Assignment:
Look through the data below and, wherever a line carries the word "from", please copy that line.

─── Extracted entries

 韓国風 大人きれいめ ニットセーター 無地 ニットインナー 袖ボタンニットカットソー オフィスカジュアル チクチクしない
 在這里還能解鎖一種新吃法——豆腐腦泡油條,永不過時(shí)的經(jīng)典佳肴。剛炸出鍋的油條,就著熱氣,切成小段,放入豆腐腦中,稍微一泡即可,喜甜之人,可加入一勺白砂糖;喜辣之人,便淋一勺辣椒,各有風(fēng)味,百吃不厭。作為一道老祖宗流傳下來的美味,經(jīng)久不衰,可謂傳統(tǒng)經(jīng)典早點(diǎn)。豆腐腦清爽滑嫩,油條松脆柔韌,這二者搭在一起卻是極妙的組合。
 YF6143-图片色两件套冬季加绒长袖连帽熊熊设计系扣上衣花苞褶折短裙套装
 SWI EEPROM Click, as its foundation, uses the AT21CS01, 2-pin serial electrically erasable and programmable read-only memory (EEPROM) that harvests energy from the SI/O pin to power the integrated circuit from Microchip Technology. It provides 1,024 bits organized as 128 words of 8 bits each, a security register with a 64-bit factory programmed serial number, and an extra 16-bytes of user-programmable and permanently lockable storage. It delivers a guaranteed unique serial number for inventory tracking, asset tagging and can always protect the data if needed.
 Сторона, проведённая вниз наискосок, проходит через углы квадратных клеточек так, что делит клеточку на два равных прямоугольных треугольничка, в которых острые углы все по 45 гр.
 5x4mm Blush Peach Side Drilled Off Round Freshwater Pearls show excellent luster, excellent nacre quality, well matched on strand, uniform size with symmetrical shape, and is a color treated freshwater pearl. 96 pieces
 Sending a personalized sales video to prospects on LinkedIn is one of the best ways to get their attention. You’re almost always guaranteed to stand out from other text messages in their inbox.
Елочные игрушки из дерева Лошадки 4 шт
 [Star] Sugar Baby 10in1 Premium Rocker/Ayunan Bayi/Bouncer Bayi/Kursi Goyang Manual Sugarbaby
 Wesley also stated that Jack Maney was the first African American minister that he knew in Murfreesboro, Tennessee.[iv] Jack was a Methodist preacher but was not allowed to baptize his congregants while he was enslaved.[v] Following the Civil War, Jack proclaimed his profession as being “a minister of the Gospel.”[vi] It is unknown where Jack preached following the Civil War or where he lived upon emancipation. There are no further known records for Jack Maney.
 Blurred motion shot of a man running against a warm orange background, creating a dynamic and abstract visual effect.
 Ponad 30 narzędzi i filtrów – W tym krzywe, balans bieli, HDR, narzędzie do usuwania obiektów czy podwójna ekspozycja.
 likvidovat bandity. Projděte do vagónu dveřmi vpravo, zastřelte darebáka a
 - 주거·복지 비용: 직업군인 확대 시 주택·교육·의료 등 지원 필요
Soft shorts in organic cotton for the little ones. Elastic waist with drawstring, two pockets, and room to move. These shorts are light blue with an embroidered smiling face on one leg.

──────

Answer section:
 SWI EEPROM Click, as its foundation, uses the AT21CS01, 2-pin serial electrically erasable and programmable read-only memory (EEPROM) that harvests energy from the SI/O pin to power the integrated circuit from Microchip Technology. It provides 1,024 bits organized as 128 words of 8 bits each, a security register with a 64-bit factory programmed serial number, and an extra 16-bytes of user-programmable and permanently lockable storage. It delivers a guaranteed unique serial number for inventory tracking, asset tagging and can always protect the data if needed.
 Sending a personalized sales video to prospects on LinkedIn is one of the best ways to get their attention. You’re almost always guaranteed to stand out from other text messages in their inbox.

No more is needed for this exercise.